Why is the value of TF-IDF different from IDF_?

2020-04-17 03:16发布

问题:

Why is the value of the vectorized corpus different from the value obtained through the idf_ attribute? Should not the idf_ attribute just return the inverse document frequency (IDF) in the same way it appears in the corpus vectorized?

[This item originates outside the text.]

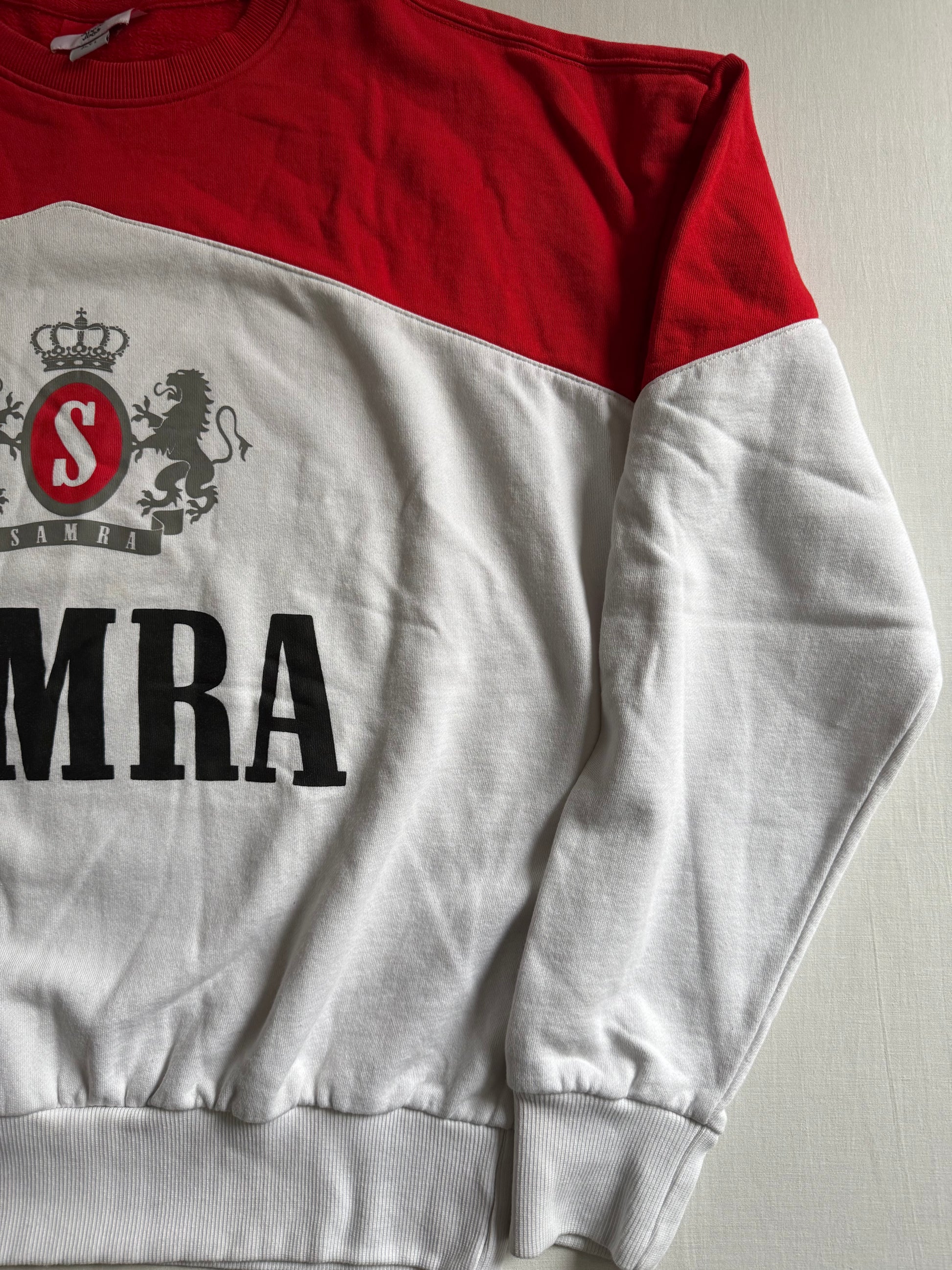 Crewneck Samra inspirat din iconica estetică Marlboro, cu un look puternic, statement. Țesătură moale și croială confortabilă, perfect pentru un stil casual cu personalitate. Piesa este în stare excelentă, fără defecte majore.

from sklearn.feature_extraction.text import TfidfVectorizer
corpus = ["This is very strange",
          "This is very nice"]
vectorizer = TfidfVectorizer()
corpus = vectorizer.fit_transform(corpus)

print(corpus)

Corpus vectorized:

  (0, 2)    0.6300993445179441
  (0, 4)    0.44832087319911734
  (0, 0)    0.44832087319911734
  (0, 3)    0.44832087319911734
  (1, 1)    0.6300993445179441
  (1, 4)    0.44832087319911734
  (1, 0)    0.44832087319911734
  (1, 3)    0.44832087319911734

Vocabulary and idf_ values:

print(dict(zip(vectorizer.vocabulary_, vectorizer.idf_)))

Output:

{'this': 1.0, 
 'is': 1.4054651081081644, 
 'very': 1.4054651081081644, 
 'strange': 1.0, 
 'nice': 1.0}

Vocabulary index:

print(vectorizer.vocabulary_)

Output:

{'this': 3, 
 'is': 0, 
 'very': 4, 
 'strange': 2, 
 'nice': 1}

Why is the IDF value of the word this is 0.44 in the corpus and 1.0 when obtained by idf_?

回答1:

This is because of l2 normalization, which is applied by default in TfidfVectorizer(). If you set the norm param as None, you will get the same values as idf_.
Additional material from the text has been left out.